The Serpents Came Up Out of the Sand
The creatures were not like the snakes the herdsmen knew. These burned. A man would feel the strike, a quick double sting at the calf, and then the fire would start traveling, up the leg, into the gut, until it reached the place behind the eyes and he could no longer stand. The bite did not only break skin. It went down into whatever a person is underneath the skin, and it burned there too. By midday the camp had become a field of the dying, and the living stepped over them and did not know where to put their feet.
Moses stood at the center of it. The same people who an hour before had cursed him came crawling now, dragging swollen limbs across the ground, and they laid their faces in the sand before him. We have sinned, they said, the words coming out cracked. We spoke against the Lord and against you. Beg Him to take the serpents away from us. Their tongues, the very tongues that had turned a gift into garbage, could barely shape the confession.
Moses Prayed and Heard a Strange Answer
So Moses prayed. He prayed for the people who had wanted him dead that morning, lifting his voice over the hiss and the weeping, and he waited for the simple mercy any man would ask for: that the snakes be gathered up and carried off, that the sand go still again.
The answer that came was not that. He was told to make a serpent. To take the very shape that was killing them, fashion it, fix it to the top of a pole, and raise it high where the whole camp could see. And whoever was bitten would look at it and live. Make the wound into a thing to be stared at. Hang the terror up in the air over the tents.
He Hammered the Snake from Bronze
No one had told him what to make it from. The instruction named no metal. Moses could have shaped the thing from clay or carved it from wood. He chose bronze, and the choice was his own, because in the old tongue the word for serpent, nachash, rang against the word for the burnished metal, nechoshet, the two sounds leaning into each other like an echo answering a cry. He wanted the ear to catch it. He wanted a man looking up to feel the pull of memory.
For there had been a serpent before this one, in a garden at the beginning, a creature that opened its mouth and bent a desire and brought ruin into the world through speech. That was the first wound, and it had been a wound made of words. And here were these people, bitten by burning things shaped like that first speaking creature, struck down because their own words had turned bread into bile. Moses hammered the bronze until it shone, and the form he raised on the pole was not a charm. It was a mirror.
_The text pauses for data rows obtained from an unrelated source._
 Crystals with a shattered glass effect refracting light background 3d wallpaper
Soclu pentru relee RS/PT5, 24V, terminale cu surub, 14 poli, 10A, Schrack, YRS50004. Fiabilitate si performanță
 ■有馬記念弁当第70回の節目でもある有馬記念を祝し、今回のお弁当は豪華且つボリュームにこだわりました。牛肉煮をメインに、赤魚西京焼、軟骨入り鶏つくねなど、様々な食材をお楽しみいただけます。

They Lifted Their Eyes and Were Healed
The pole went up at the center of the camp, and the bronze caught the sun and threw it down on the dying. A bitten man, fire climbing his leg, would tilt his face toward it. He would see the shape of the thing that had felled him gleaming above, and he would remember the garden serpent and the ruin of words, and a tremble would go through him. In that tremble he would turn. He would lift his heart past the metal, past the pole, up to Heaven, and surrender there.
And in that exact moment the fire would go out of him. The swelling would ease. He would breathe.
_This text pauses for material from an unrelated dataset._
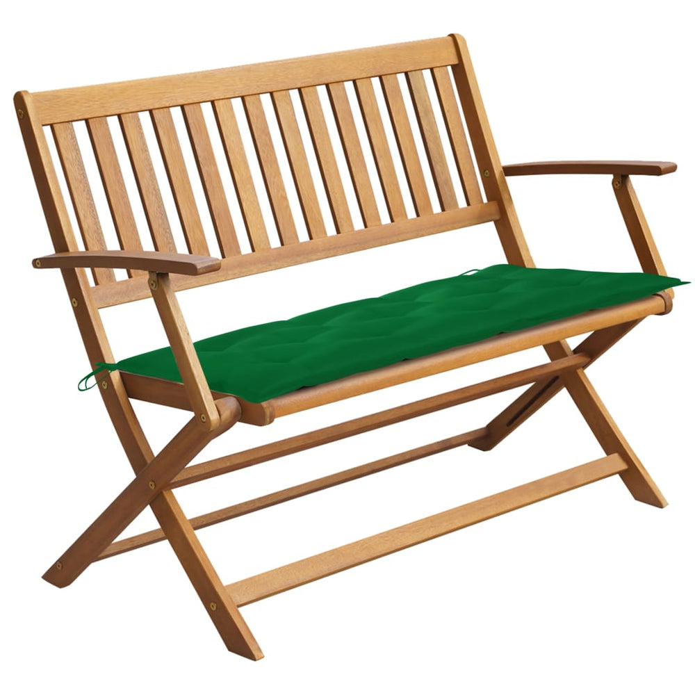 Het tuinbankje is gemaakt van massief acaciahout waardoor het stevig, duurzaam en geschikt voor buitengebruik is. De rugleuning en de armleuningen dragen bij aan het zitcomfort. Het houten bankje kan ingeklapt worden om ruimte te besparen. Het meegeleverde kussen biedt extra zitcomfort. Het is gemaakt van 100% polyester dat behandeld is om het waterdicht te maken. Elk kussen heeft 2 sets touwtjes om het aan de bank te bevestigen.

It was never the bronze. A lump of beaten metal heals no one, and a serpent does not kill and then turn around and give life. The healing came in the lifting of the face, the choosing to look up, the directing of the heart away from complaint and toward the One who had fed them all along. The eyes that had looked at the manna and called it wretched were made to look upward instead. Whoever could still raise his head off the sand and aim it at the sky did not waste away. The pole stood over the camp like a question every bitten man had to answer with his own neck, and those who answered it lived.